• _Records for processing_:
● ● ● ● ● ● ●

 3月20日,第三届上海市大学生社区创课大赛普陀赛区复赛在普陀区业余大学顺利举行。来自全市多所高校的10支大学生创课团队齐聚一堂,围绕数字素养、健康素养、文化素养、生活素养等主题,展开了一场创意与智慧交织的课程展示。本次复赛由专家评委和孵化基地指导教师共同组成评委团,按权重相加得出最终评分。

● ● ● ● ● ● ●

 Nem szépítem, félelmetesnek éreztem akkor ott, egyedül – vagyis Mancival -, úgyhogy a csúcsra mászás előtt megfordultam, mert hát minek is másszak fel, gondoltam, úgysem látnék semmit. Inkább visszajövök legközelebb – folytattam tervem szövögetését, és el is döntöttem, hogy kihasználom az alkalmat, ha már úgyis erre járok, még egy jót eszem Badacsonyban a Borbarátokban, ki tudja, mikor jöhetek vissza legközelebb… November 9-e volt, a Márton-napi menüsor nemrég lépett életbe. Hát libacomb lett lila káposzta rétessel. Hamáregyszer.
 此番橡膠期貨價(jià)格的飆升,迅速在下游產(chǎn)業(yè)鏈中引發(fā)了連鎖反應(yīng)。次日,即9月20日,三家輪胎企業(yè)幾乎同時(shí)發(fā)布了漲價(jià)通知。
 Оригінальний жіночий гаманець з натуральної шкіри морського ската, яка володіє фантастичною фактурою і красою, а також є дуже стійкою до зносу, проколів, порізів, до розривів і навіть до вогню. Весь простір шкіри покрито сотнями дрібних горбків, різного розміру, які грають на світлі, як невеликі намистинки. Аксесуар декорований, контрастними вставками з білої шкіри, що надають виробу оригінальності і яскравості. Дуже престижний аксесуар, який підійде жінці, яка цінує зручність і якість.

● ● ● ● ● ● ●

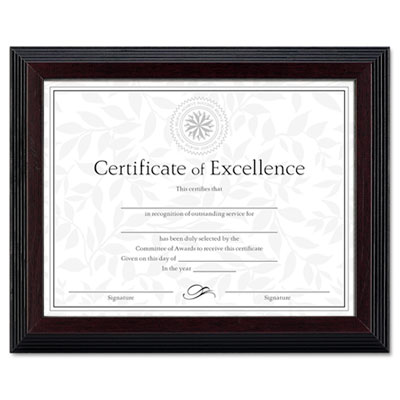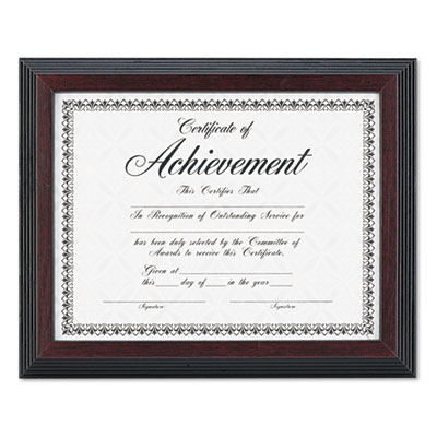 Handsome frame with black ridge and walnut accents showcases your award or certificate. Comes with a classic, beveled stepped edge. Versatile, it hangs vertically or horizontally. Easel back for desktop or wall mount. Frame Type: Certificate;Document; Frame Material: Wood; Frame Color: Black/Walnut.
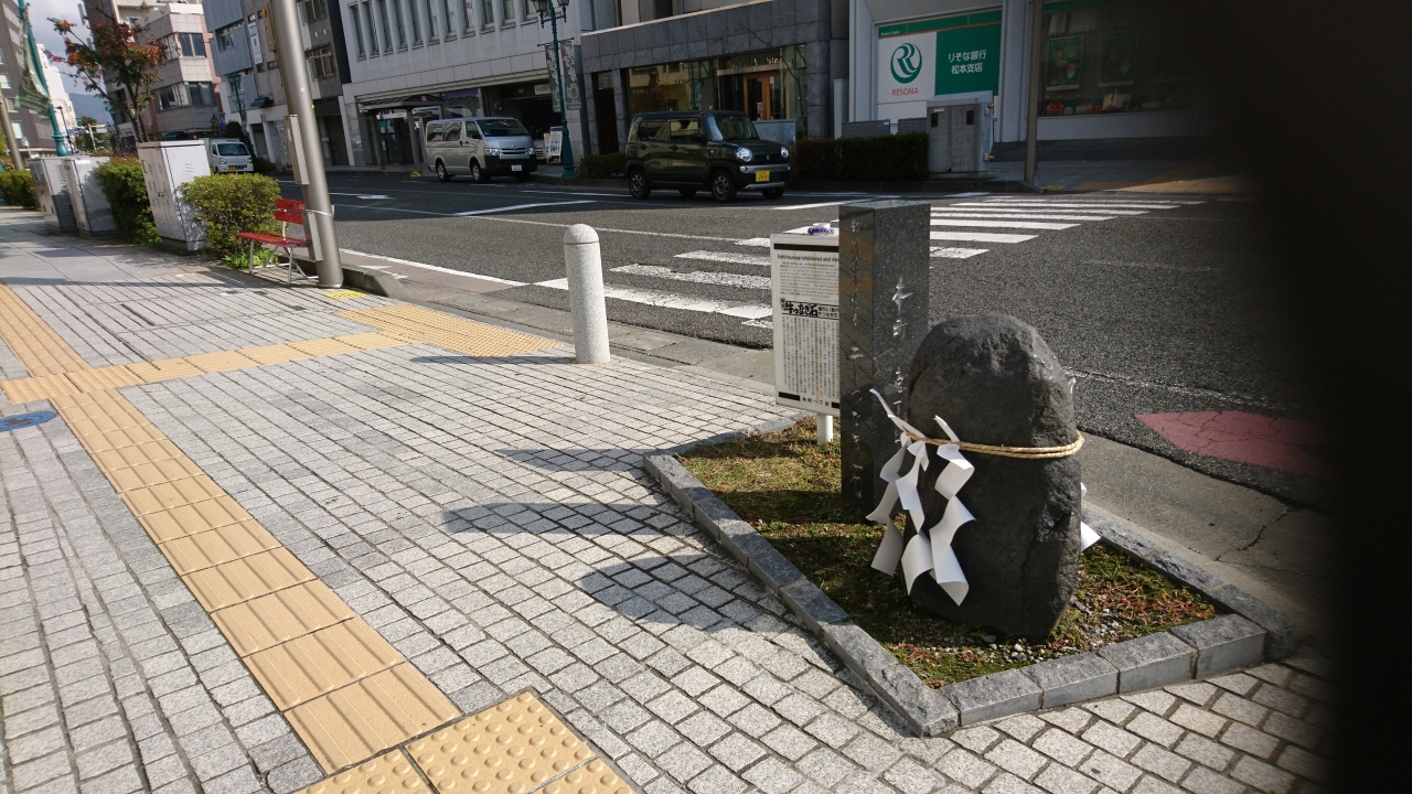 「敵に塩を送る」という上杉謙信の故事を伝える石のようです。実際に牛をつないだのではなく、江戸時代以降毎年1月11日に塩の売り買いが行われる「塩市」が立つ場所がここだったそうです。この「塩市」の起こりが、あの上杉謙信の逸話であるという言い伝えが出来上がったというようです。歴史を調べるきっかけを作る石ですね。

● ● ● ● ● ● ●

• _What to do_: In the listing above, find the line with "此番橡膠期貨價(jià)格的" and the line with "Оригінальний жіночий гаманець"; set down exactly those two lines and every line between them, nothing more.

• _Response_:
 此番橡膠期貨價(jià)格的飆升,迅速在下游產(chǎn)業(yè)鏈中引發(fā)了連鎖反應(yīng)。次日,即9月20日,三家輪胎企業(yè)幾乎同時(shí)發(fā)布了漲價(jià)通知。
 Оригінальний жіночий гаманець з натуральної шкіри морського ската, яка володіє фантастичною фактурою і красою, а також є дуже стійкою до зносу, проколів, порізів, до розривів і навіть до вогню. Весь простір шкіри покрито сотнями дрібних горбків, різного розміру, які грають на світлі, як невеликі намистинки. Аксесуар декорований, контрастними вставками з білої шкіри, що надають виробу оригінальності і яскравості. Дуже престижний аксесуар, який підійде жінці, яка цінує зручність і якість.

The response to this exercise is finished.